• _What is expected_
The copy has to match the data exactly and leave out every picture.

• _Exercise materials_
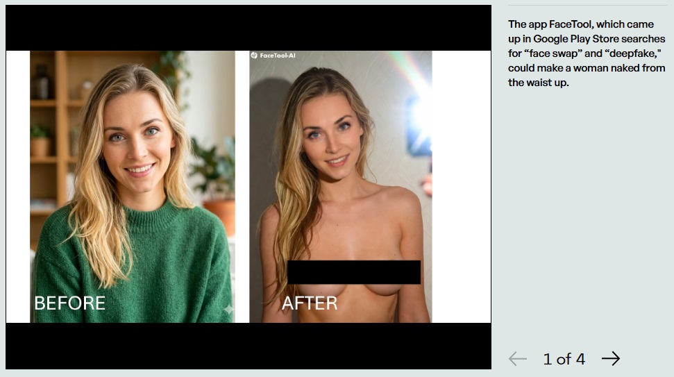 Более того — приложения, которые делают реальных людей обнаженными или помещают их в порнографические видео, были обозначены как «пригодные» для детей. Еще в начале этого года стало известно, что Apple и Google предлагают в своих магазинах приложения для «раздевания» несмотря на наличие четких правил, запрещающих подобный контент. Сейчас проблема не исчезла.
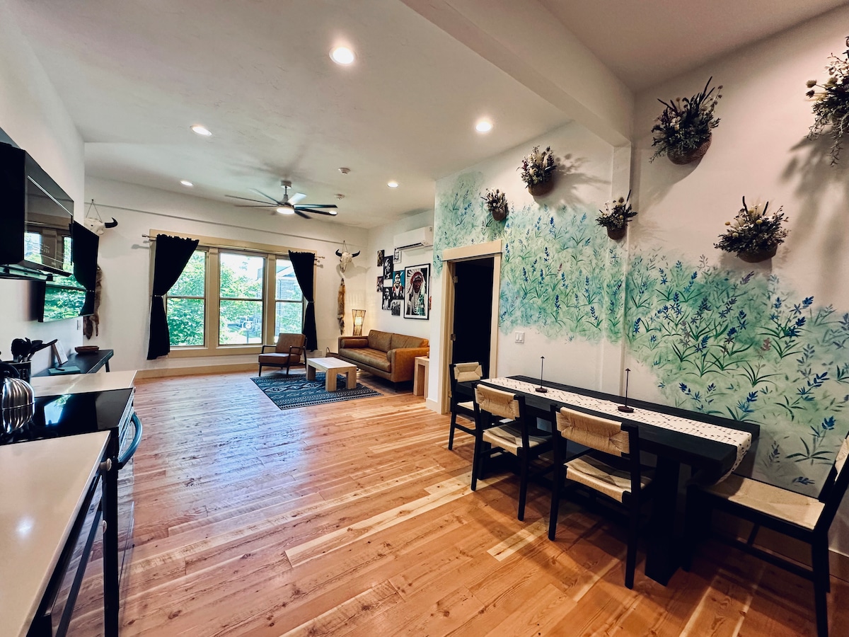 Niché dans un quartier calme, ce logement en duplex d'une chambre propre constitue la base idéale pour vos aventures dans le comté de Wallowa. Vous aurez une intimité totale avec toutes les commodités nécessaires pour un séjour court ou prolongé. Nous fournissons des draps de haute qualité, des meubles confortables et des murs ornés d'œuvres d'art locales. De nombreuses améliorations ont été apportées à cet appartement rétro, notamment une rénovation complète de la cuisine au printemps 2023. Le logement de 2 chambres à côté est également disponible à la location en tant qu'Airbnb.
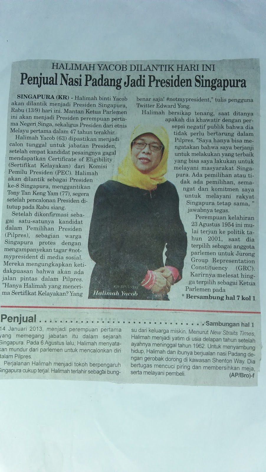 RESENSI ARTIKEL PRESIDEN PEREMPUAN PERTAMA SINGAPURA ~ Move On Psikologi UP45
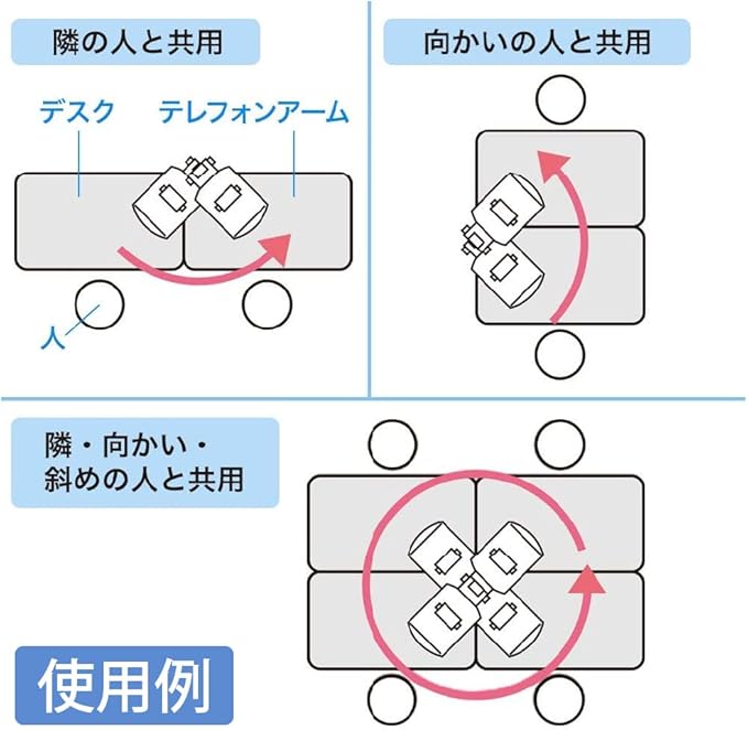 【360 回転で1台を共有】アームが360 回転するので、オフィスで1台の電話を複数人で共有することもできます。4台(または2台)必要なところが1台で使えるので、設置場所も省スペース、電話機費用も節約できてお得です。
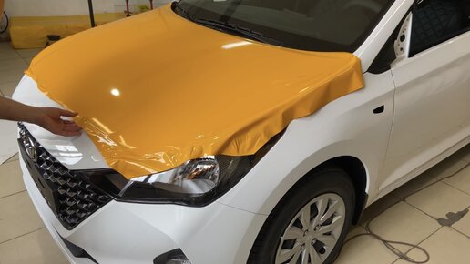 Мастера покажут процесс оклейки капота авто под такси в желтый цвет
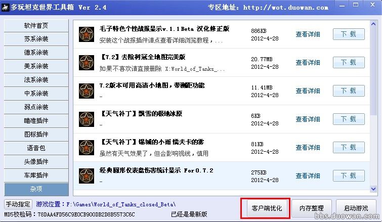 (重要)之前使用過其他優(yōu)化工具的請還原,否則不能正常的使用優(yōu)化工具,包子親測,干凈的客戶端是完全可以使用優(yōu)化工具的!
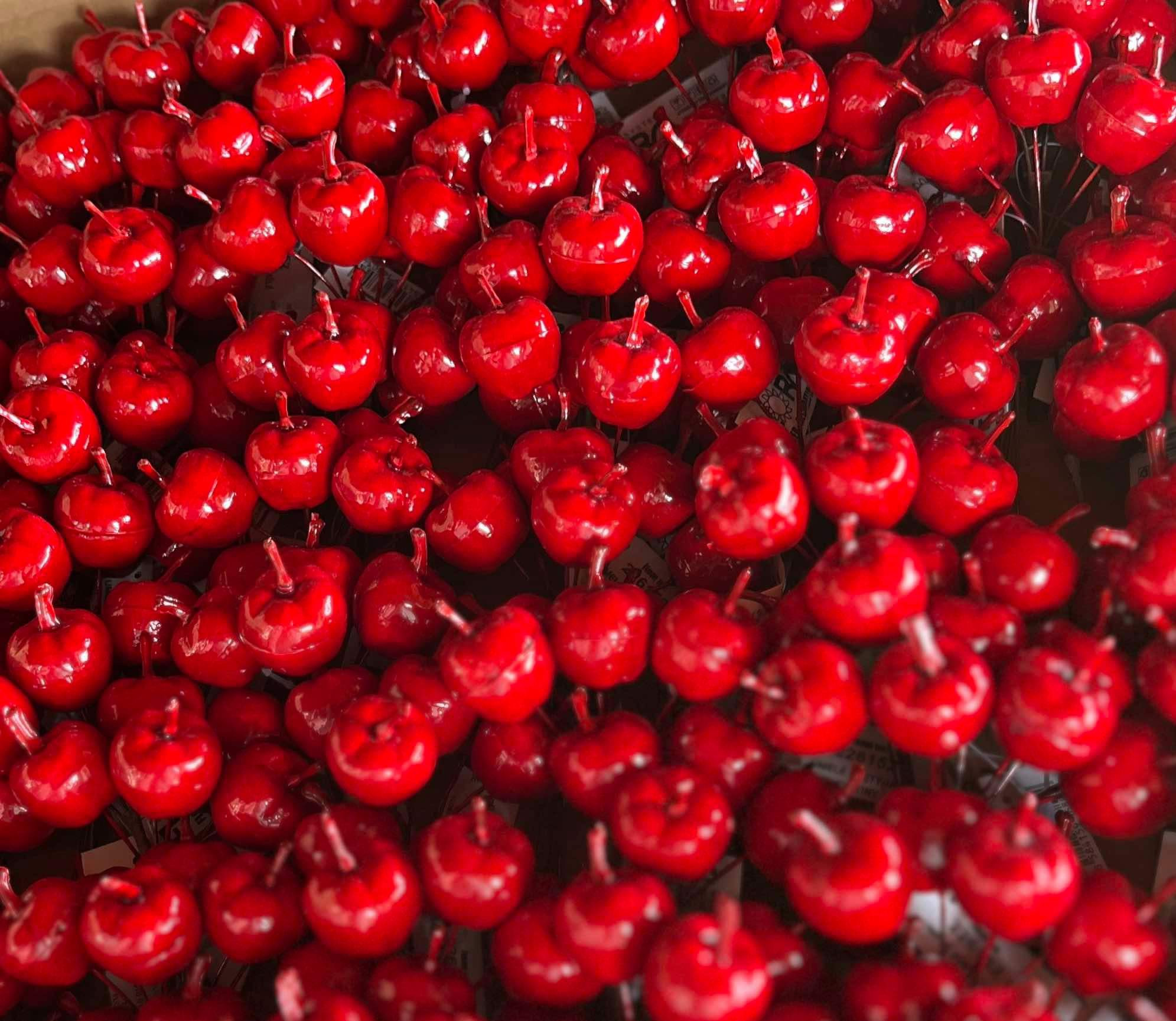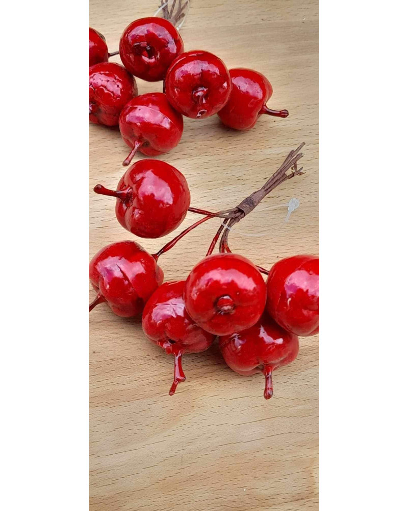 Trs meších umelých jabĺčok, vhodné k ďalšiemu dekorovaniu. V trse je 6 kusov jabĺčok, výška 3 cm.
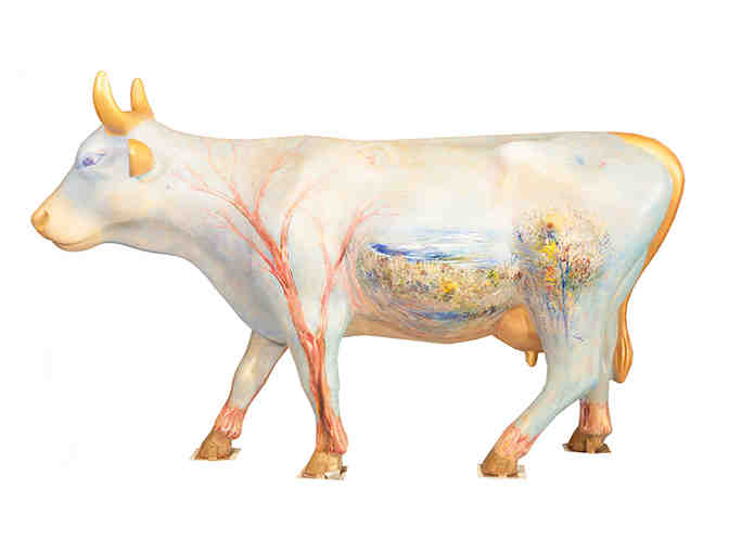 THE ART: These beautiful bovine full-size sculptures were hand painted by California artists, some taking over a month to complete. Some by entire teams. Others by individual accomplished artists. Some with celebrity engagement. Easy to mooove. Perfect for exterior or interior display.

• _Solution to the problem_
 Более того — приложения, которые делают реальных людей обнаженными или помещают их в порнографические видео, были обозначены как «пригодные» для детей. Еще в начале этого года стало известно, что Apple и Google предлагают в своих магазинах приложения для «раздевания» несмотря на наличие четких правил, запрещающих подобный контент. Сейчас проблема не исчезла.
 Niché dans un quartier calme, ce logement en duplex d'une chambre propre constitue la base idéale pour vos aventures dans le comté de Wallowa. Vous aurez une intimité totale avec toutes les commodités nécessaires pour un séjour court ou prolongé. Nous fournissons des draps de haute qualité, des meubles confortables et des murs ornés d'œuvres d'art locales. De nombreuses améliorations ont été apportées à cet appartement rétro, notamment une rénovation complète de la cuisine au printemps 2023. Le logement de 2 chambres à côté est également disponible à la location en tant qu'Airbnb.
 RESENSI ARTIKEL PRESIDEN PEREMPUAN PERTAMA SINGAPURA ~ Move On Psikologi UP45
 【360 回転で1台を共有】アームが360 回転するので、オフィスで1台の電話を複数人で共有することもできます。4台(または2台)必要なところが1台で使えるので、設置場所も省スペース、電話機費用も節約できてお得です。
 Мастера покажут процесс оклейки капота авто под такси в желтый цвет
 (重要)之前使用過其他優(yōu)化工具的請還原,否則不能正常的使用優(yōu)化工具,包子親測,干凈的客戶端是完全可以使用優(yōu)化工具的!
 Trs meších umelých jabĺčok, vhodné k ďalšiemu dekorovaniu. V trse je 6 kusov jabĺčok, výška 3 cm.
 THE ART: These beautiful bovine full-size sculptures were hand painted by California artists, some taking over a month to complete. Some by entire teams. Others by individual accomplished artists. Some with celebrity engagement. Easy to mooove. Perfect for exterior or interior display.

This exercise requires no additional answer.